I'm not saying there aren't issues but to say it is garbage is silly. At most they are minor annoyances which can be fixed with a patch. However at a basic level navigation with a controller works fine. There are also lots of improvements.
I quite like how you conviniently ignored half my post detailing why I think it's a success. It's not the individual features but the experience taken as a whole which makes it so good.
I wasn't ignoring it at all, it's just I already addressed this issue. Most people who disagree with me say the same as you... they simply do value the few seconds here and there voice commands save as a rule, and they have the idea that things like leaning or whatever are 'enough.' If that is 'enough', then our value judgments are incredibly different. I evaluate it on the way it actually improves games. For me, just like Kinect 1.0, the little stuff added to the games frequently makes games worse from a gameplay perspective (leaning in BF4 with the Kinect, for example, was demonstrably less efficient and reliable than a simple button press would be. Shaking for Ryse would be less effective and reliable than a simple button press, and I say the same thing actually for SixAxis use in that way). And, even allowing for Fitness, we have Fighters Within, a sequel to one of the worst games of last gen also being the worst rated game of the new gen or Just Dance 4 as actual full Kinect games right now. I think Zoo Tycoon has the best use of Kinect from my experience, but it's not very broad or impressive. How can this not be considered a failure of strategy when Kinect is so central to their vision?

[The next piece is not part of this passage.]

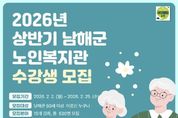 시민행정신문 강갑수 기자 | 남해군 노인복지관은 2026년 상반기 프로그램 수강생을 2월 2일부터 25일까지 모집한다고 밝혔다. 상반기 프로그램은 평생교육 2강좌, 취미여가 11강좌, 건강증진 3강좌 등 총 15강좌로 구성됐으며, 3월 3일부터 6월 26일까지 운영된다. 세부적인 프로그램은 스마트폰교육, 노래교실, 고고장구반, 손발 마사지 등 다양한 교육이 준비되어 있으며 자세한 사항은 남해군 홈페이지에서 확인 가능하다. 수강생은 선착순으로 모집하며, 수강신청 인원 기준 미달시 해당 프로그램은 폐강된다. 수강료는 강좌당 5천원으로 교재비와 재료비는 별도다. 기초생활수급자, 국가유공자, 등록장애인은 무료이며 차상위계층은 수강료의 50%가 감면된다. 수강을 원하는 군내 60세 이상 어르신은 남해군 노인복지관(055-860-3723)으로 방문하시거나 팩스(Fax : 860-3725)로 신청하면 된다. 남해군 관계자는 “어르신들의 건강하고 활기찬 노후생활을 도모할 수 있도록 건강 증진, 평생교육, 취미생활 등의 다양한 분야별 프로그램를 마련했다”며 “준비한 프로그램 수강을 통하여 어르신들이 신체적·정신적으로 더

My entire point was that because of how important Kinect is to the system, because of how they emphasize it and because of the added cost and trade-offs that occurred because of it, was it worth it? That was my point and why I criticize it. Was it worth, for example, most XBO games being at 720p because the hardware is significantly less powerful so they could get the system out at the price it is? Or the endless ways in which that extra hardware power could have been used? Are the little conveniences worth the losses, in other words? Because there were trade off due to it.
Which brings us back to where the conversation started: Most people are not yet missing out on much if they decide not to use Kinect, because these are games consoles and it does not yet have a really compelling library of Kinect software, really at all. I was responding to someone saying another gamer was missing half the experience by not using it until a compelling game comes out for it. My point was when that software started coming, then I think that's when we can discuss if that statement of 'missing out' would be true for most people.
I don't know why anyone would think this is an unfair assessment.
Also claiming that we could only possibly like the new system if we had very low standards is ridiculous.
I don't know why this point is offensive to you (and it's just Kinect, by the way) - having a low standard for something is not
necessarily a bad thing. For example, you may value voice commands so much - as you apparently do - that this was all that was ever required for you to be happy, regardless of if it could be done with a headset or not. That would be a low standard, but it wouldn't be a negative. The reason I put it that way is simply because we are having a discussion for which either side tries to persuade the other of their points. If someone has a standard which is considerably 'lower' than others, than criticism would not ring strong for such a person in general. By definition, they'd always find it confusing that others have such problems. They would call such things 'nitpicking.'
Anyway, I REALLY have to run now. Just didn't want to leave without giving you the respect to respond, since you spent the time responding to me.
Hammer24 said:
But not concentrating on controller use, as this is pointless with Kinect. But for the Kinect use, like adding more voice commands, or giving the possibility to add your own commands, stuff like that.
You can do both. Not doing both, however, would actually be a disservice to all their customers.